A Machine Learning Framework for Knowledge Discovery
by Prof Abhishek Singh, IISC Bangalore, India
Date: 21/11/2023 |Time: 11:00 AM to 12:00 PM | Venue: K-G14-256, Webster 256
Bio: Prof. Abhishek K. Singh is currently a Professor in the Materials Research Centre at IISc, Bangalore. He did his PhD from the Institute of Materials Research, Tohoku University, Japan. He was a JSPS Postdoctoral fellow. He has also worked as a postdoctoral research associate at University of California Santa Barbara, and Rice University, Houston, USA. His group IISC Bangalore is leading an effort in designing materials for target applications using data-driven methods. His group has established India’s first computational materials database aNANt. He is currently leading the materials informatics initiative of IISc (MI3).
Prof. Singh has published ~190 papers. His work has received more than 10,000 citations, and his current h-index is 55. He is a recipient of the Materials Research Society of India medal in 2014, the distinguished lectureship award of the Chemical Society of Japan in 2020, JSPS invitation fellowship in 2020. He is the current Chair of the Office of International Relations IISc.
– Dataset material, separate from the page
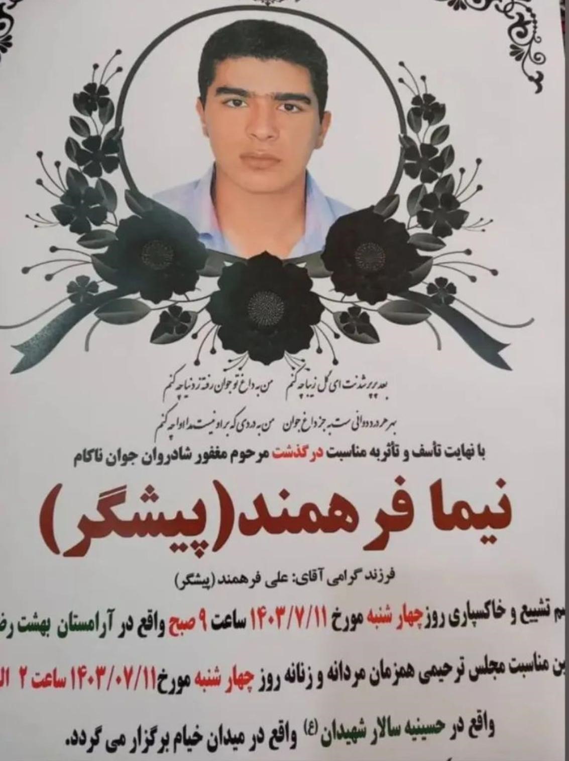 تصویر زیر آگهی ترحیم نیما فرهمند (پیشگر) است:
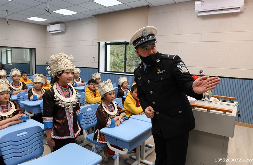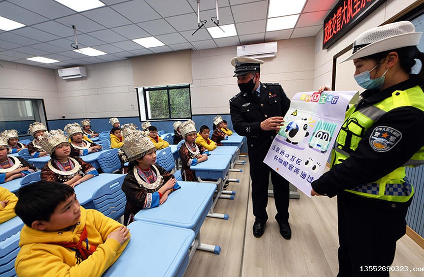 在广西龙胜各族自治县乐江镇乐江小学,龙胜交管大队民警在给学生们讲解交通安全法规。

Abstract : Data driven machine learning methods in materials science are emerging as one of the promising tools for expanding the discovery domain of materials to unravel useful knowledge. In this talk, the power of these methods will be illustrated by covering two major aspects, namely, development of prediction models and establishment of hidden connections. For the first aspect, we have developed accurate prediction models for various computationally expensive physical properties such as band gap, band edges and lattice thermal conductivity. The prediction model for band gap and band edges are developed on 2D family of materials -MXene, which are very promising for a wide range of electronic to energy applications, which rely on accurate estimation of band gap and band edges. These models are developed with GW level accuracy and hence can accelerate the screening of desired materials by estimating the band gaps and band edges in a matter of minutes. For the lattice thermal conductivity prediction model, an exhaustive database of bulk materials is prepared. By employing the high-throughput approach, several ultra-low and ultra-high lattice thermal conductivity compounds are predicted. The property map is generated from the high-throughput approach, and four simple features directly related to the physics of lattice thermal conductivity are proposed. The performance of the model is far superior than the physics-based Slack model, highlighting the simplicity and power of the proposed machine learning models. For the second aspect, we have connected the otherwise independent electronic and thermal transport properties. The role of bonding attributes in establishing this relationship is unraveled by machine learning. An accurate machine learning model for thermal transport properties is proposed, where electronic transport and bonding characteristics are employed as descriptors. I will discuss the application of ML in establishing the complex structure-property relations in alloys.